Undang-Undang Nomor 25 Tahun 2009 tentang Pelayanan Publik menegaskan bahwa penyelenggaraan pelayanan publik harus dilaksanakan berdasarkan asas kepastian hukum, keterbukaan, akuntabilitas, profesionalitas, dan partisipasi masyarakat. Transparansi menjadi elemen kunci agar masyarakat dapat mengetahui siapa penyelenggara layanan, kewenangan yang dimilikinya, serta mekanisme pertanggungjawaban yang berlaku. Dalam konteks ini, kehadiran anggota Polri aktif dalam jabatan sipil berpotensi mengaburkan garis kewenangan dan status pejabat pelayanan, sehingga menyulitkan publik untuk menilai secara jernih proses dan tanggung jawab pelayanan yang diterima.
Penerapan Perpol 10 Tahun 2025 semakin berpolemik ketika dikaitkan dengan Putusan Mahkamah Konstitusi Nomor 114/PUU-XXIII/2025 yang menegaskan prinsip pemisahan peran antara aparat keamanan dan jabatan sipil. Putusan tersebut pada hakikatnya bertujuan menjaga supremasi sipil dan memastikan bahwa birokrasi pelayanan publik dijalankan oleh pejabat yang sepenuhnya tunduk pada sistem administrasi pemerintahan sipil. Dari perspektif profesionalisme pelayanan publik, putusan Mahkamah Konstitusi ini penting untuk mencegah terjadinya peran ganda yang dapat memengaruhi independensi dan objektivitas penyelenggara layanan.

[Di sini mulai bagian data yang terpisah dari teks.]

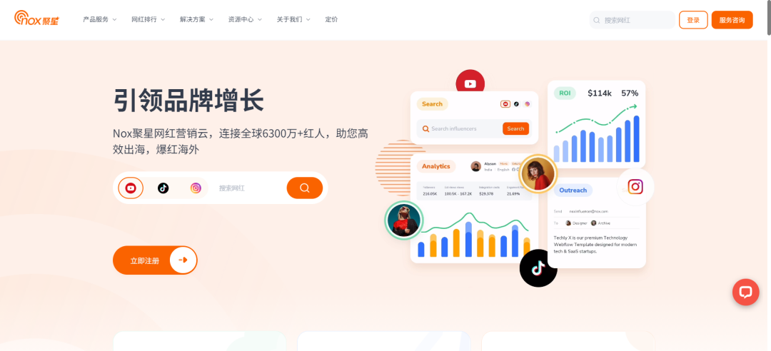 Nox聚星英文品牌名NoxInfluencer,是NOX集团倾力打造的海外网红营销云,为跨境出海品牌提供海外网红搜索、数据分析、任务管理、效果追踪、竞品数据分析与监控等海外网红营销数据与管理支持,帮助企业提升数据营销能力,实现有效增长。
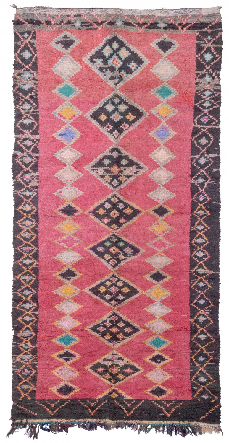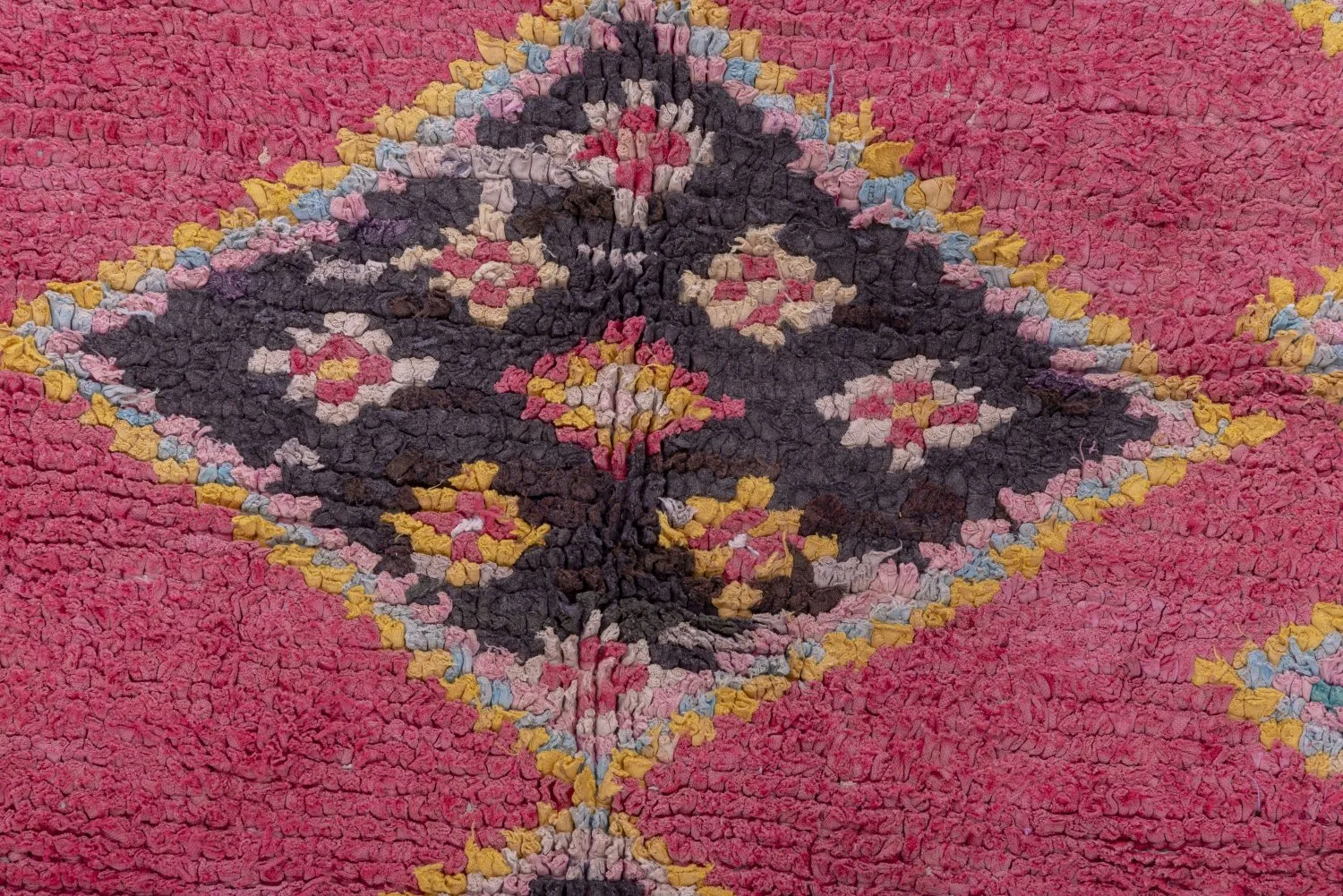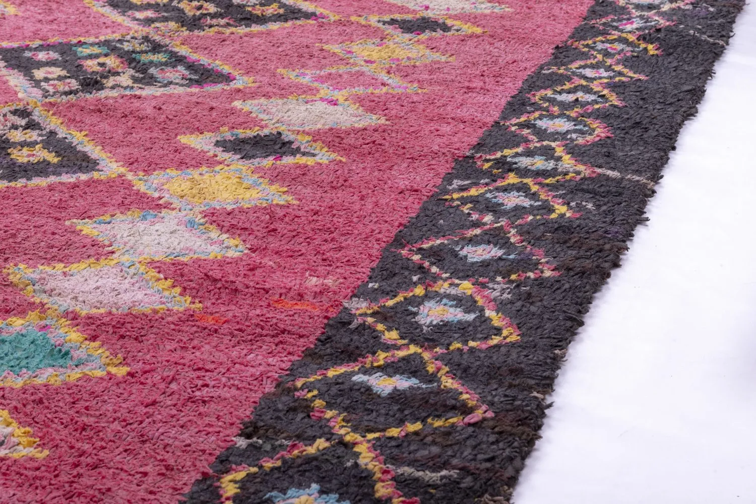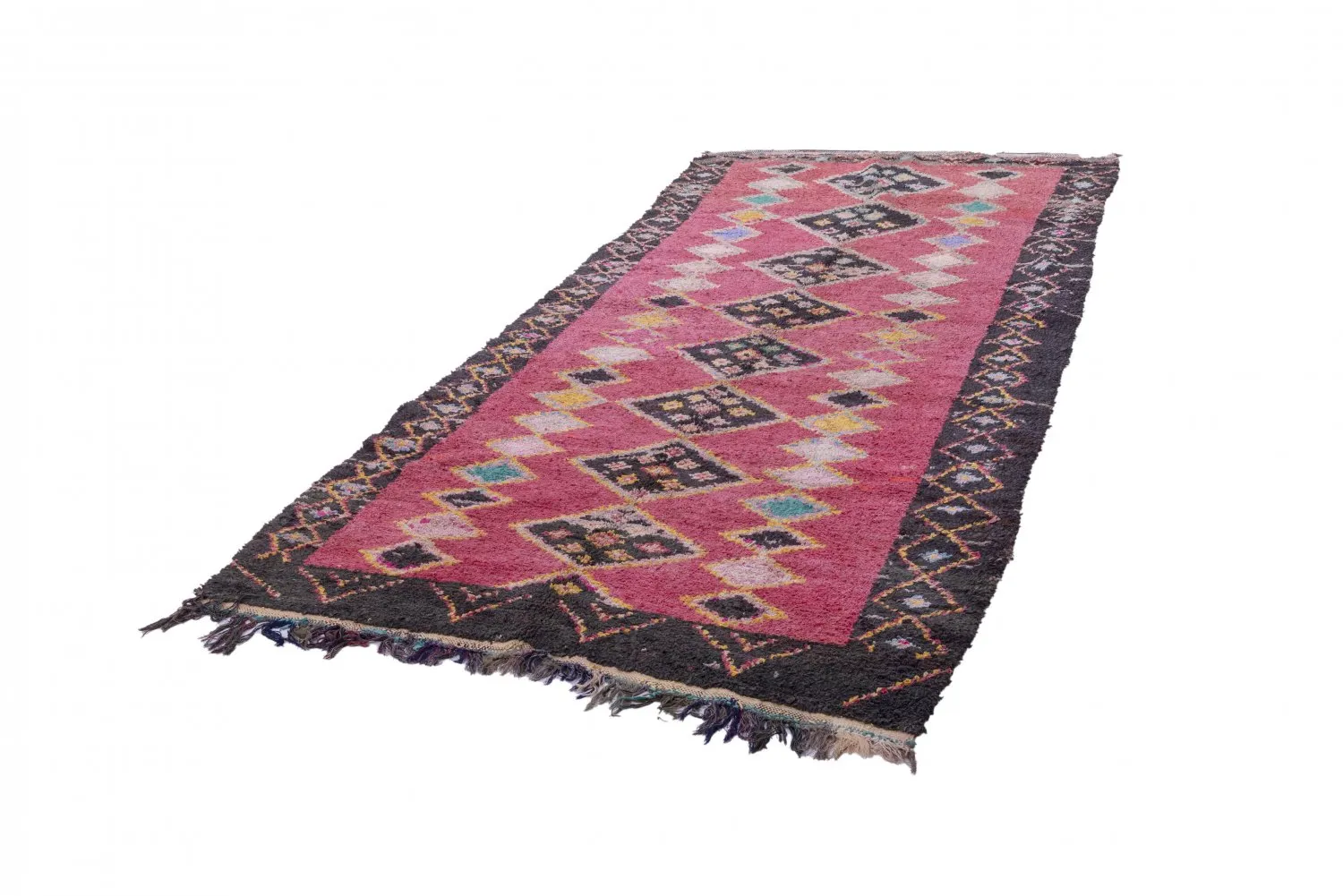 Der Boucherouite-Teppich reiht sich in die fantastischen Teppichkreationen ein, die aus Marokko kommen. Als Flickenteppich wird er aus gebrauchten Textilien wie Wolle, Garn, Kunstfasern und anderen Textilmaterialien hergestellt, die wiederverwertet werden können. Dieser wunderschöne marokkanische Flickenteppich ist das Ergebnis der Veränderungen, die in den letzten Jahren in Marokko auf dem Land stattgefunden haben, wo die herkömmlich nomadische Kultur fester Landwirtschaft und anderen Formen des Broterwerbs gewichen ist. Hierdurch ist die kostbare Schurwolle, das Material der Beni-Ourain- und Azilal-Teppiche, noch seltener geworden. Deswegen ist es umso wichtiger, gebrauchte Textilien wiederzuverwerten. Die marokkanischen Frauen auf dem Land haben hierin unvergleichliche Fähigkeiten entwickelt. Die Farben und das Muster des Boucherouite-Teppichs kennen wir bereits vom Azilal-Teppich. Beide Teppiche sind auf Kunstausstellungen weltweit zu sehen.
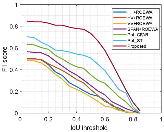 By setting different IoU thresholds, the detection performance of different methods can be obtained, as illustrated in Figure 15. The results indicate that the cross-polarized channels have the best performance among the single-polarization images. Furthermore, the performance of the total power obtained by the fusion of polarization channels is better than that of single-polarization channels, but the enhancement is not significant. In terms of the optimized image after polarization modulation, there is a significant improvement in the F1-scores of the detection results, outperforming other methods.
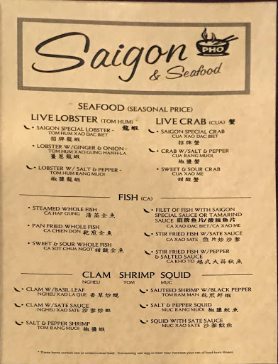 Saigon phõ is one of those places where the food and customer service is so good all the time that you end up eating there all the time because you just cant beat it. My favorites are #41(shrimp crunchy noodle) #45 (Chinese broccoli) #50 (pan fried beef) You cannot go to pho without ordering their crispy eggrolls. Their eggrolls are the best Ive ever had. Their salt n pepper squid is always bangin. Their sauté squid or sauté clams, just so good. My favorite soup is #14 (chicken broth soup) but I also enjoy #20 (seafood soup). Go here, eat here, its amazing.
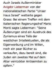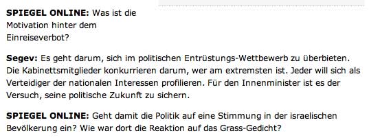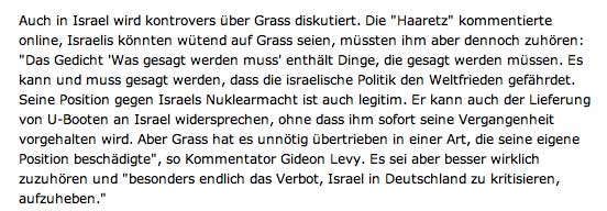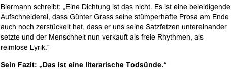 Reich Ranicki, der Verehrer der Grass'schen Gedichte, sagt, dies sei kein Gedicht und G. sei kein Antisemit,
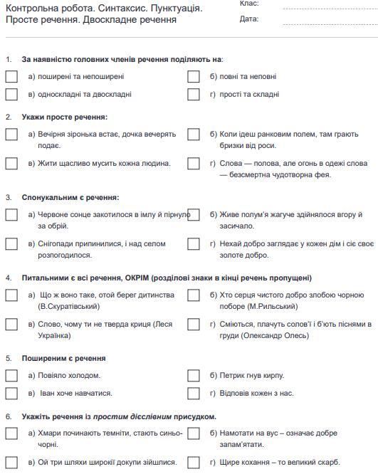 Помогите решить контрольную по теме "Синтаксис. Пунктуація. Просте речення. Двоскладне речення."
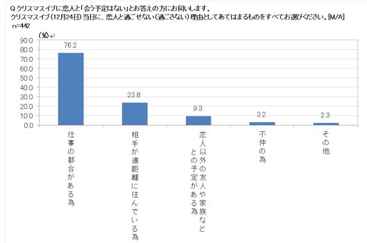 クリスマスイブに恋人と「会う予定はない」と答えた男女に対して、恋人と過ごせない(過ごさない)理由を尋ねたところ、76.2%の男女が「仕事の都合がある為」と回答した。次いで23.8%が「相手が遠距離に住んでいる為」と 回答した。今年のクリスマスイブは、会いたくてもあえないカップルが多いことが伺える。
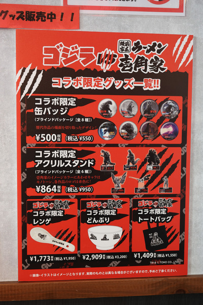 「横浜家系ゴジラーメン」は50店舗限定、コラボグッズの販売は10店舗限定、そして「ゴジラスポット」新宿靖国通り店のみなので、気になる人はフェア特設ページで実施店をチェックしてみてください。
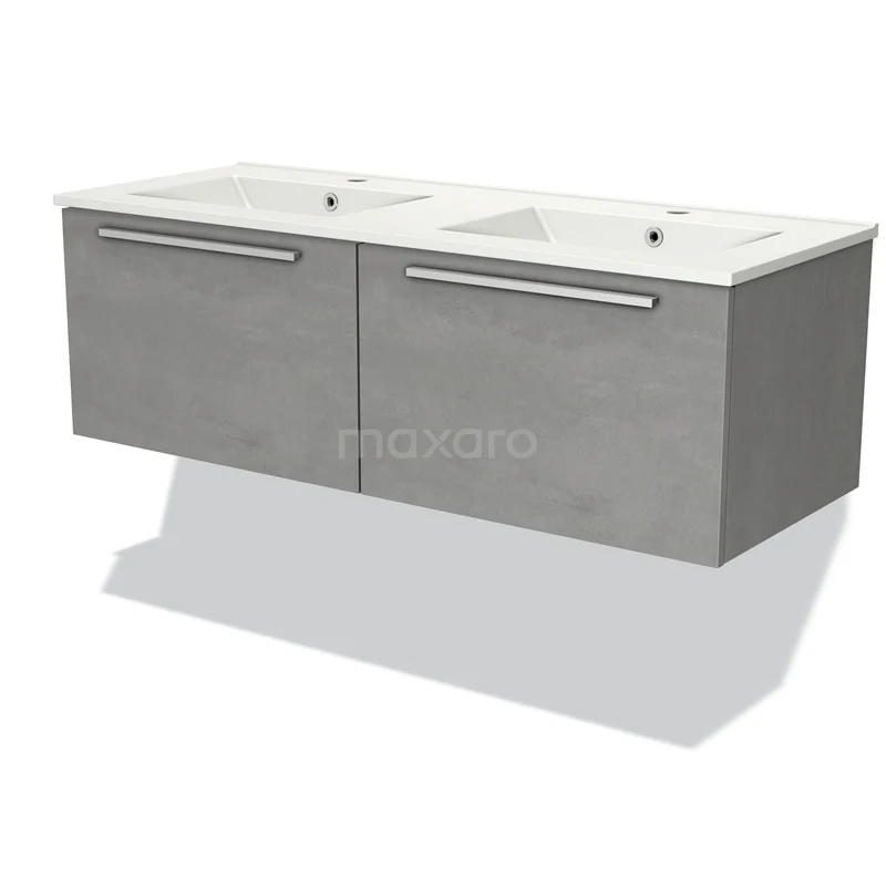 Modulo Bathroom furniture with sink | 120 cm Light grey concrete Flat front Ceramic 2 Side-by-side drawers
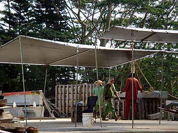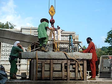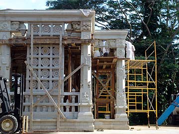 Meanwhile at home the weather has cleared for our Iraivan team to raise up more beams to the roof.
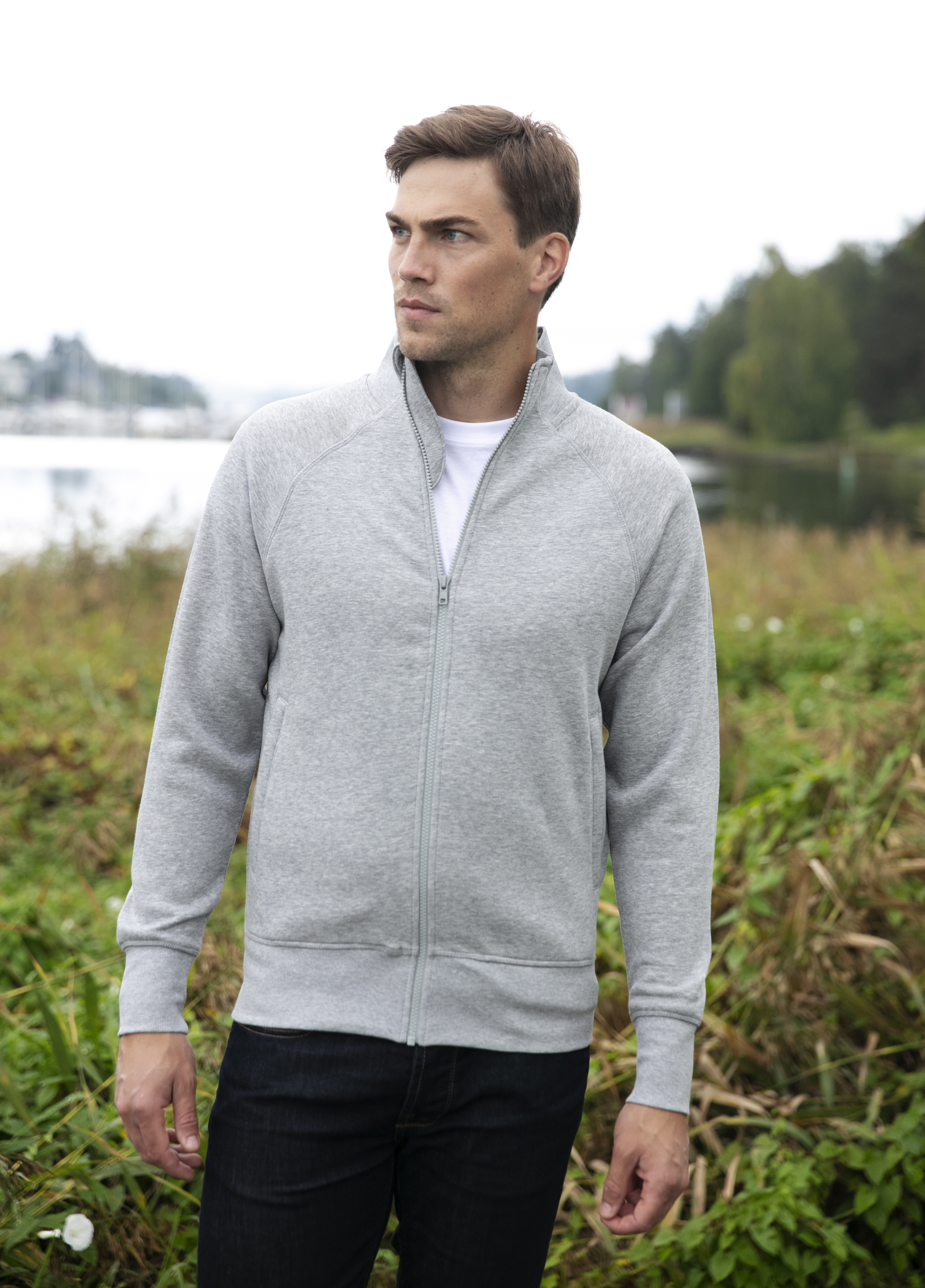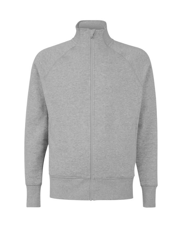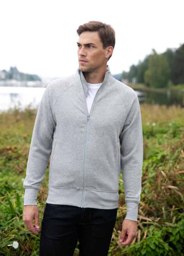 Denne klassiske sweatshirt-jakken uten hette er laget i en kraftig og behagelig kvalitet som gir både komfort og slitestyrke. Den har en hel ton-i-ton YKK-glidelås i front og to praktiske sidelommer, også med YKK-glidelås, som gjør det enkelt å oppbevare småting trygt. Jakken er utstyrt med strikket krage og raglan-ermer som gir god bevegelighet, samt en flosset innside som føles myk mot huden. Det forsterkede nakkepartiet sørger for ekstra holdbarhet, mens ribb i mansjetter og nederkant gir en god passform. Jakken er produsert i BCI-sertifisert bomull, noe som gjør den til et mer bærekraftig valg.
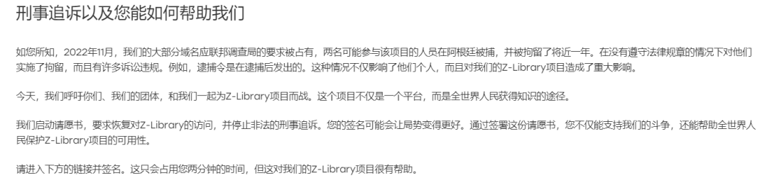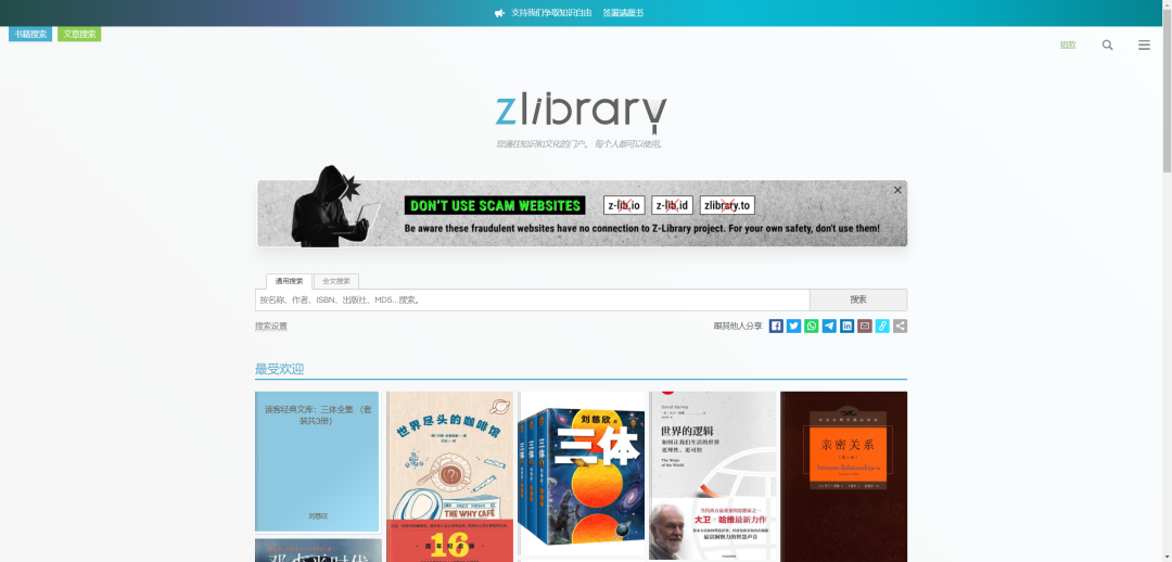2022年的时候,Z-Library的两名运营者被FBI逮捕,被拘留了1年,大部分域名也被封杀。然鹅,通往知识的大门的是自由的,Z-Library网站前赴后继,网站的顶部宣传语:支持我们争取知识自由!
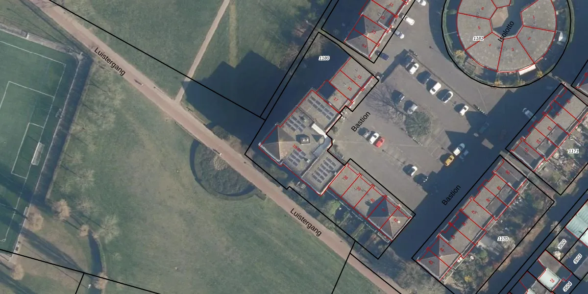 Het perceel waarop Bastion 35 staat heeft een oppervlakte van 1850 m². Dit is een zeer groot perceel. De perceeloppervlakte wordt geregistreerd door het Kadaster. Gedetailleerde informatie over de maten van dit perceel kunt u vinden in het rapport Kadastrale kaart met maatvoering van Bastion 35.
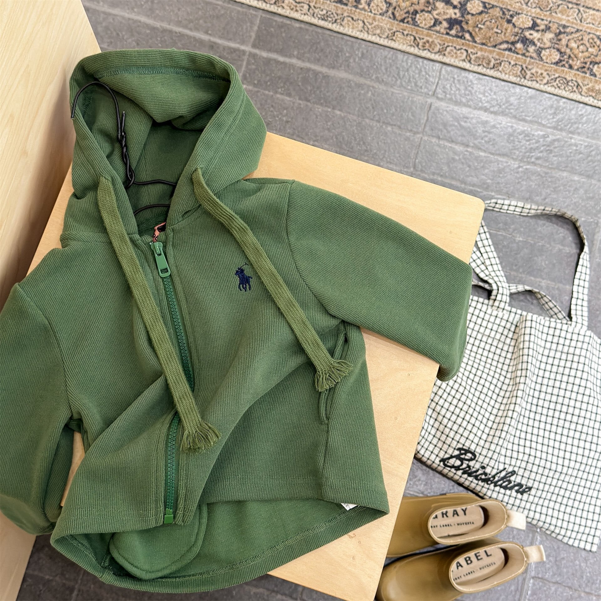 ポニー刺繍が映える、コットン100%のジップアップフーディー
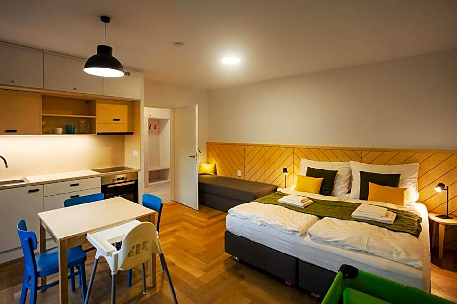 Located at Horečky in Frenštát pod Radhoštěm, about from the city center, the apart-hotel sits in a garden-facing setting. Free on-site parking and free Wifi help keep plans flexible, while a terrace, balcony, and garden views invite relaxed mornings and sunset strolls. A kitchen or kitchenette supports flexible stays, and upper floors are reachable by elevator. Only cash is accepted as payment.
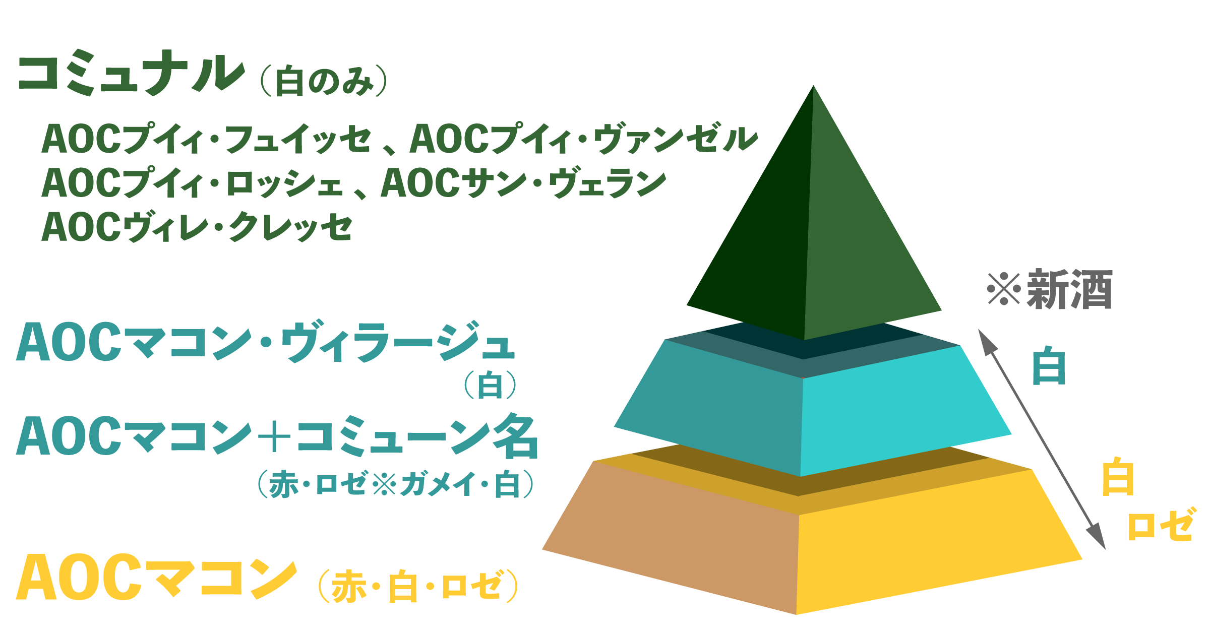 AOCマコンの白・ロゼには新酒「ヌーヴォ(Nouveau)」や「プリムール(Primeur)」の表記が可能です。AOCマコン・ヴィラージュの場合は白ワインのみ認められます。

Sejumlah ahli hukum tata negara menilai Perpol Nomor 10 Tahun 2025 bertentangan dengan penerapan putusan Mahkamah Konstitusi tersebut. Mahfud MD misalnya, menyatakan bahwa penempatan anggota Polri aktif dalam jabatan sipil tanpa pengunduran diri atau pensiun dari dinas kepolisian berisiko melanggar prinsip negara hukum dan mereduksi tata kelola pemerintahan sipil. Dalam konteks pelayanan publik, pandangan ini menegaskan bahwa profesionalisme pelayanan menuntut aparatur yang bekerja dengan pendekatan administratif dan pelayanan, bukan dengan kultur komando yang melekat pada institusi keamanan.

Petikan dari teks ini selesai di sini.